- [Task details] Reproduce exactly the lines of the material beneath, from the line that contains "Already part of" to the line that contains "In der Haushaltsrede", both included, and no other lines.

- [Material provided]
•••••

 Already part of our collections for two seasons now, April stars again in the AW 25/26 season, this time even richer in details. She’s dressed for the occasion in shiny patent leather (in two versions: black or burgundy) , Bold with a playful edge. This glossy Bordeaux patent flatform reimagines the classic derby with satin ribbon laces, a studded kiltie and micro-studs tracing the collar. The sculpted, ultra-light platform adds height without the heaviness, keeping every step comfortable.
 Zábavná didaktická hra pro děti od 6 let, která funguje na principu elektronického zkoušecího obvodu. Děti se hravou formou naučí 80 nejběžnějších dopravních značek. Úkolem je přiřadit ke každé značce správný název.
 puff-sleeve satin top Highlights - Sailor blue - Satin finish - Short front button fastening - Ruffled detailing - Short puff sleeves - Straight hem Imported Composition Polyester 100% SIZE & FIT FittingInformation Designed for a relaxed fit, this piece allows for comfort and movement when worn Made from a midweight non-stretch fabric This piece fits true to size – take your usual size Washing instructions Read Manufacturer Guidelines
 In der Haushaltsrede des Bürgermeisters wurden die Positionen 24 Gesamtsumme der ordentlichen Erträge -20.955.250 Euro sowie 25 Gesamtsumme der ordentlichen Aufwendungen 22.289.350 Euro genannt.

•••••

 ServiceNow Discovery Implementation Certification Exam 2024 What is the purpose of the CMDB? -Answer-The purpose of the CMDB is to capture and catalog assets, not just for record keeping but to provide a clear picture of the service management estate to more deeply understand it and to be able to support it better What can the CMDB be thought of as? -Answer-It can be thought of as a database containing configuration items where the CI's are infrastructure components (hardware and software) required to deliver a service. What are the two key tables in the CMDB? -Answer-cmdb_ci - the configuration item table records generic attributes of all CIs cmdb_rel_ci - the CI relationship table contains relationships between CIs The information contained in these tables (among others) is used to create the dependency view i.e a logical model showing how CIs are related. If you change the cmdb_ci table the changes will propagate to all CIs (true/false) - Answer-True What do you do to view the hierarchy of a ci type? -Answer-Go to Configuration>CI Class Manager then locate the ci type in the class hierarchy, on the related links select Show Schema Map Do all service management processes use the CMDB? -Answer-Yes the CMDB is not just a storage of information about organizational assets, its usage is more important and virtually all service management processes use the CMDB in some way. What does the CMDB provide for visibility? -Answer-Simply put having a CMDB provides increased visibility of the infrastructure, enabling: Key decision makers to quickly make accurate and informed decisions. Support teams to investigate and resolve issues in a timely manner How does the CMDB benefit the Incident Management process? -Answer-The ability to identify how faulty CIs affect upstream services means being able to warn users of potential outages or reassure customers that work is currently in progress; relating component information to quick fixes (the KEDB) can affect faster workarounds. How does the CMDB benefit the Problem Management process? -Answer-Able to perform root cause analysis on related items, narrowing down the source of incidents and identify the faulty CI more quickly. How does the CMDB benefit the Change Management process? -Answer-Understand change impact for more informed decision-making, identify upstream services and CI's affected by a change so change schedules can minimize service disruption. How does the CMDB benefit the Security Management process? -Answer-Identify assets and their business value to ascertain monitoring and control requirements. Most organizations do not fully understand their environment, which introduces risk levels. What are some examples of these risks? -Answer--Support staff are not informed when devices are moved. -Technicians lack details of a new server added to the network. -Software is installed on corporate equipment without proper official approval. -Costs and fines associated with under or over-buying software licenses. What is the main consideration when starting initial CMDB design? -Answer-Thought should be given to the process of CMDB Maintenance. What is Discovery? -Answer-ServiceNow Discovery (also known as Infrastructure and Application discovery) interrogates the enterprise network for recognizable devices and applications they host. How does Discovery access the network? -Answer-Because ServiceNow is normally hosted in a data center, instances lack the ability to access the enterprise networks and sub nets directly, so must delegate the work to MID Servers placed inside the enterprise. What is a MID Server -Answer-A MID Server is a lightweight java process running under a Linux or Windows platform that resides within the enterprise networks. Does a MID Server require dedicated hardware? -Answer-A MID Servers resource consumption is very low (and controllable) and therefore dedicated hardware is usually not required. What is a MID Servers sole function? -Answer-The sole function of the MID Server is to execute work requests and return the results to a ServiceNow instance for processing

•••••

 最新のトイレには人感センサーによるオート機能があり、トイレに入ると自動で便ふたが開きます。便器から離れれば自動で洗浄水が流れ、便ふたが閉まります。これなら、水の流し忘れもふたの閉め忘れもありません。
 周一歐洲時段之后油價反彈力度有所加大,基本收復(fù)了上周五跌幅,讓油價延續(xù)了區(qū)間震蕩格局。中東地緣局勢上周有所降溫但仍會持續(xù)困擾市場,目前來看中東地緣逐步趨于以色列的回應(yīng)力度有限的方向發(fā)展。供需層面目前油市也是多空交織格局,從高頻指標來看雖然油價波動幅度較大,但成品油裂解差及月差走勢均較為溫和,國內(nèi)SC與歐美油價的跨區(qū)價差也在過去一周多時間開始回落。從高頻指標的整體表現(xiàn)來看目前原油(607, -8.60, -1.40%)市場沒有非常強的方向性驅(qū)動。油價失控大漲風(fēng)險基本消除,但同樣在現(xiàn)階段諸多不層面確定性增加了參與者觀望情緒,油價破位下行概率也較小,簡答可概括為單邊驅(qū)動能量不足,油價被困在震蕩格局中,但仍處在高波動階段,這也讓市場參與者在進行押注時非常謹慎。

•••••

- [Result of this task]
 Already part of our collections for two seasons now, April stars again in the AW 25/26 season, this time even richer in details. She’s dressed for the occasion in shiny patent leather (in two versions: black or burgundy) , Bold with a playful edge. This glossy Bordeaux patent flatform reimagines the classic derby with satin ribbon laces, a studded kiltie and micro-studs tracing the collar. The sculpted, ultra-light platform adds height without the heaviness, keeping every step comfortable.
 Zábavná didaktická hra pro děti od 6 let, která funguje na principu elektronického zkoušecího obvodu. Děti se hravou formou naučí 80 nejběžnějších dopravních značek. Úkolem je přiřadit ke každé značce správný název.
 puff-sleeve satin top Highlights - Sailor blue - Satin finish - Short front button fastening - Ruffled detailing - Short puff sleeves - Straight hem Imported Composition Polyester 100% SIZE & FIT FittingInformation Designed for a relaxed fit, this piece allows for comfort and movement when worn Made from a midweight non-stretch fabric This piece fits true to size – take your usual size Washing instructions Read Manufacturer Guidelines
 In der Haushaltsrede des Bürgermeisters wurden die Positionen 24 Gesamtsumme der ordentlichen Erträge -20.955.250 Euro sowie 25 Gesamtsumme der ordentlichen Aufwendungen 22.289.350 Euro genannt.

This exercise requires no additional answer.